Tonight he beat old man Hopkins. I wish Hopkins still had it, but he clearly was past his sell by date. Respect to Hopkins, he made the final bell.
This reminded me of Rocky Balboa in a sense. Not from an action perspective of course, but just a case of a fighter with nothing left to prove out to prove something anyways. And I think Hopkins did- he didn't look for a cheap way out from the ref and didn't fight extraordinarily dirty, one or both of which I expected when things got rough. The old dog didn't need this fight, was outgunned (and pretty much out-everything'd) from the start, but he was going to make it to the final bell regardless. Hopkins fought to survive, and he did. Honestly, for my criticisms of Hopkins going into the fight, I've got nothing bad to say about his performance, his choice of how to fight the fight, or his post-fight comments/reflections. I'm not going to sit here and rag on him for being concerned about self preservation even if it led to a relative lack of fireworks for a majority of the fight. I credit him for lasting the distance and absorbing some flush shots that would've dropped most other 175 pounders for the count.

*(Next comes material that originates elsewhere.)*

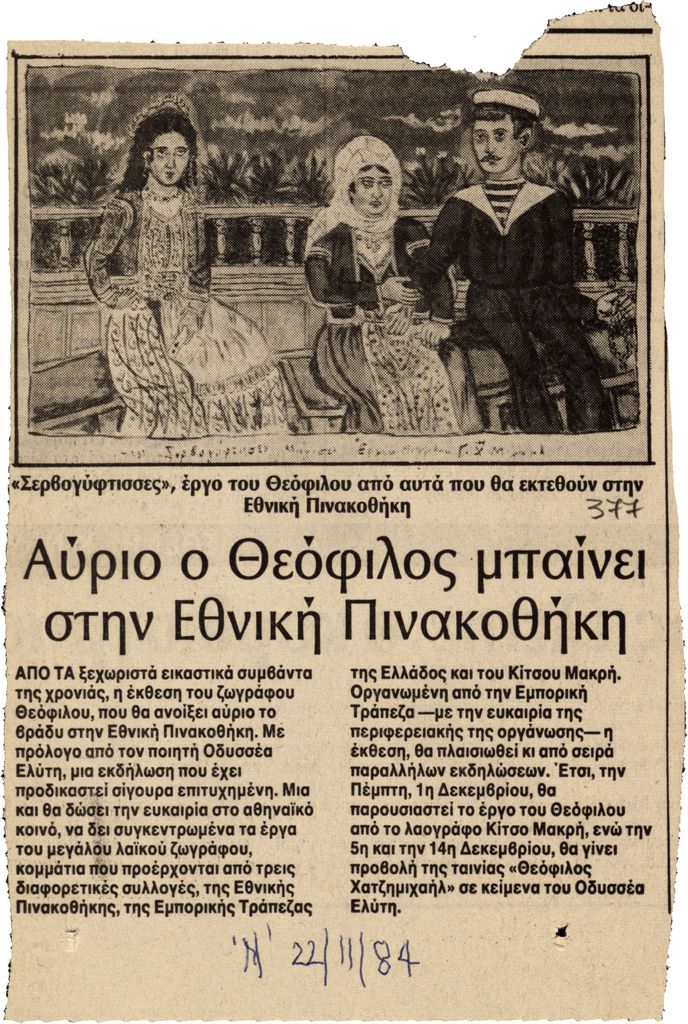 Απόκομμα, χαρτί, 15,5×10 εκ., στα ελληνικά, δημοσίευσης άρθρου αναφερόμενου σε εγκαίνια έκθεσης έργων του Θεόφιλου (Χατζημιχαήλ) στην Εθνική Πινακοθήκη.

I completely agree. I thought this would be a lose, lose fight, but it turned out to be a win, win, because Hopkins did amazing for having turned so old. In the first seconds I could see how old and stiff he was, the reflexes were gone, and even his power wasn't there. He was still dangerous, but Kovalev was smart to be patient. The Hopkins that faught Calzaghe would have probably still lost, but the fight would have been way different.